Time and again I have marveled at the astuteness of drivers on Indian roads. They are the true ‘street” magicians of modern-day world (sorry David Blaine, but they are). They drive on roads that need a microscope to be found first. So you could say I have become sort of an “Indian driver” groupie, constantly following what they do and how they do it. After 1 year of sustained analysis and state of the art spying (mostly peeking out of buses), I still have not managed to unravel their secrets.

Enigmas of Indian drivers

1) Racing against the countdown:

There is a signal flashing red. It works. There is a count down timer. It works too. It counts 50, 49, ……10, 9, 8, 7. If you can wait patiently from 50 to 7 seconds without any hurry, why do you gun your engines and drive before the signal turns green? Any particular reason? Does it improve the longevity of the vehicle? Better mileage?!

2) Distortion of spatial dimensions:

There is a bus. It is big. There is a lorry, bigger, standing “shoulder to shoulder” with the bus. There is no human way a motorbike can squeeze through the space. Hell, even an ant cannot come out alive. How do Indian drivers (usually aged between 18–23 years) manage to drive freely through nonexistent spaces and stand in front of the “STOP” line? Isn’t there like a mathematical law against such an improbable event taking place? John Nash, are you listening?

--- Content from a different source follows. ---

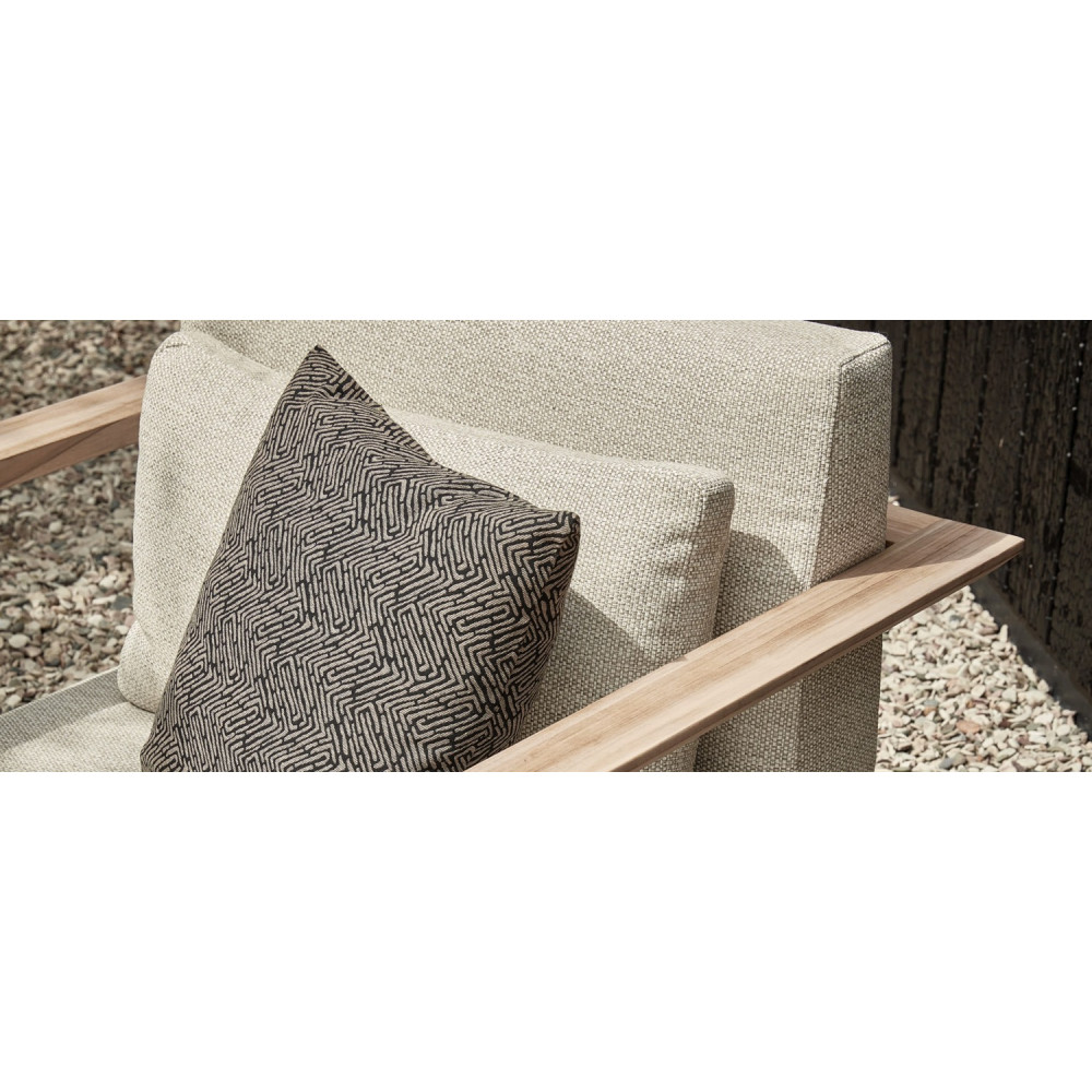 Наскільки розкішними ви хочете мати подушки у своєму наборі для відпочинку? У St. Lucia Teak Lounge є подушки для сидінь товщиною не менше 25 см, звичайно, якості Apple Bee Bee Wett. Хоча ви цього не очікували, ці подушки також сохнуть значно швидше, ніж подушки зі стандартною піною. Завдяки надзвичайно товстим подушкам St. Lucia одразу набуває дуже розкішного вигляду, але залишається сучасним завдяки своїй витонченій формі та міцності. Звичайно, це частково завдяки каркасу з високоякісного тика СВЛК натурального кольору. Круглі ніжки плавно продовжують спинку виробу, сідаючи в таке крісло або диван, ви відчуваєте повний комфорт. Сент-Люсія міцна та вишукана у всіх правильних пропорціях!

3) Blinded by colorblindness

There are a disturbingly high number of Indian drivers who are (color) blind when it comes to reading traffic signs and signals. Doesn’t red mean “Stop,” in every language of the world? You don’t have to be a genius to figure that one out! Or is it a specific genetic disease (Wontfollowtrafficrulesria) that particularly afflicts Indian drivers?

4) Role reversal

Indian drivers have discovered that bikes need not necessarily travel on roads and people need not walk necessarily on sidewalks. Vehicles can be driven over pavements too and people may as well walk in the middle of the roads. Which driver exactly had the Eureka moment? Shouldn’t he be given a Nobel Prize for ingenuity? Come on, you can’t have such a genius go unrewarded!

PS: Yes, I am sarcastic about the Indian roads and the drivers. But I am also amazed at the amount of patience that they (and their vehicles) have. Cows in the middle of the road might drive any other person crazy, but it brings only a benevolent half-smile from them! Amidst all this craziness, there are some common threads that unite Indians. Turning colorblind to signals is just one of them!